Sunny cligna des yeux plusieurs fois, essayant de se concentrer, puis gigota de façon inconfortable.

« Sunless. »

Le vieux policier leva un sourcil.

« Sunless ? C’est un nom étrange. »

Sunny essaya de hausser les épaules, mais se retrouva incapable de bouger.

« Qu’est-ce qu’il y a de si étrange ? Au moins, j’ai un nom. Dans les faubourgs, personne n’en a un. »

Après un nouveau bâillement, il ajouta :

« C’est parce que je suis né pendant une éclipse solaire. Ma mère avait une âme poétique, voyez-vous. »

C’est pourquoi il a obtenu ce nom bizarre et que sa petite sœur s’appelait Rain… à l’époque où elle vivait encore avec eux, du moins. Que ce soit le résultat d’une imagination poétique ou d’une simple paresse, il ne le savait pas.

Le vieux policier grogna.

« Veux-tu que je contacte ta famille ? »

Sunny secoua simplement la tête.

« Il n’y a personne.

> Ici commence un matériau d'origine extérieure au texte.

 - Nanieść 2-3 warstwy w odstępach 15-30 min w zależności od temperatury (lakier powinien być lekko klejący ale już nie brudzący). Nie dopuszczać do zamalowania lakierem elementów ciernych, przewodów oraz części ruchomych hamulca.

Ne vous fatiguez pas. »

Durant une seconde, un regard sombre se posa sur le visage du policier. Puis son expression devint sérieuse.

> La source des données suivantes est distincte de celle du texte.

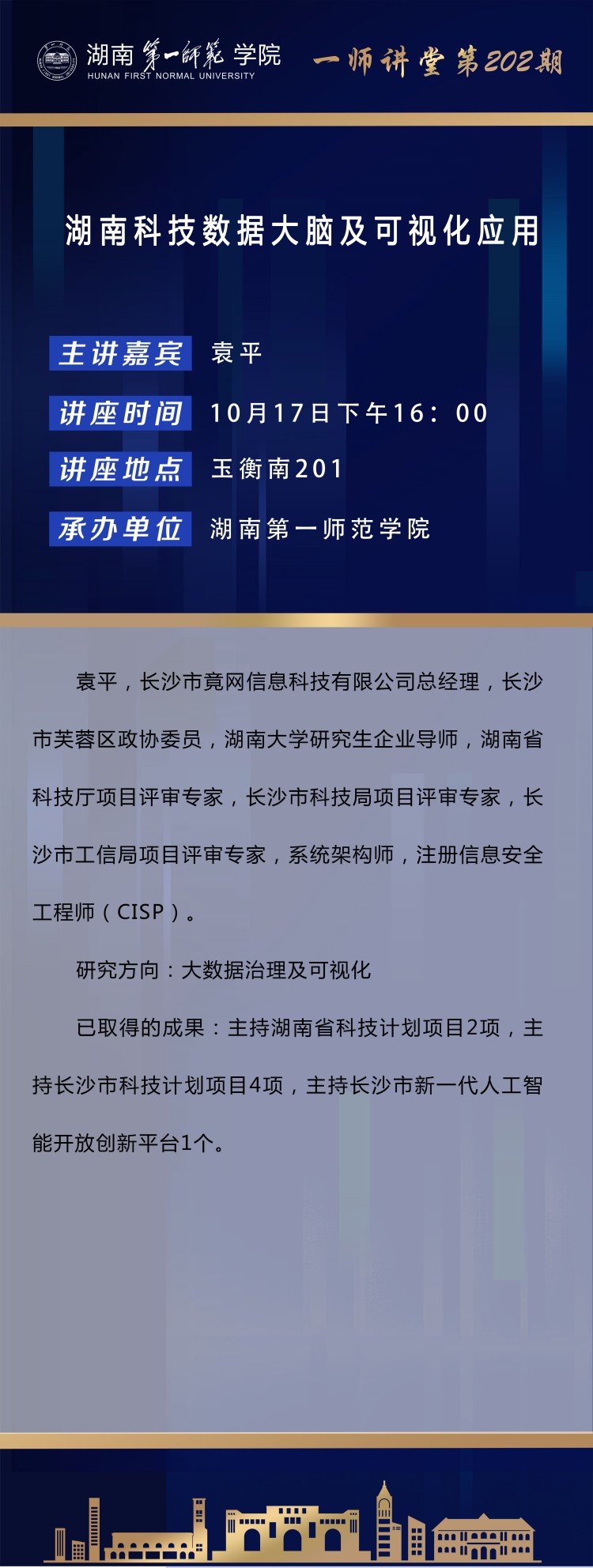 学术预告|一师讲堂第202期:湖南科技数据大脑及可视化应用

« Très bien, Sunless. Combien de temps peux-tu rester éveillé ? »

« Euh… pas longtemps. »

Le policier soupira.

« Alors nous n’avons pas le temps pour la procédure complète. Essaie de résister aussi longtemps que tu peux et écoute-moi très attentivement. D’accord ? »

Sans attendre de réponse, il ajouta :

« Que sais-tu du Sortilège du Cauchemar ? »

Sunny lui lança un regard interrogateur.

« Autant que n’importe qui, je suppose ? Qui ne connaît pas le Sortilège ? »

« Pas les trucs fantaisistes qu’on voit dans les drames et qu’on entend dans les émissions de propagande. Je veux dire, que sais-tu réellement ? »

C’était une question à laquelle il était difficile de répondre.

« Est-ce que je ne dois pas simplement aller dans le Royaume des Rêves, tuer quelques monstres pour compléter le Premier Cauchemar, recevoir des pouvoirs magiques et devenir un Éveillé ? »

Le vieux policier secoua la tête.

« Écoute bien. Une fois que tu t’endormiras, tu seras transporté à l’intérieur de ton Premier Cauchemar. Les cauchemars sont des épreuves créées par le Sortilège. Une fois à l’intérieur, tu rencontreras des monstres, bien sûr, mais aussi des gens. Rappelle-toi : ils ne sont pas réels. Ce sont juste des illusions créées pour te tester. »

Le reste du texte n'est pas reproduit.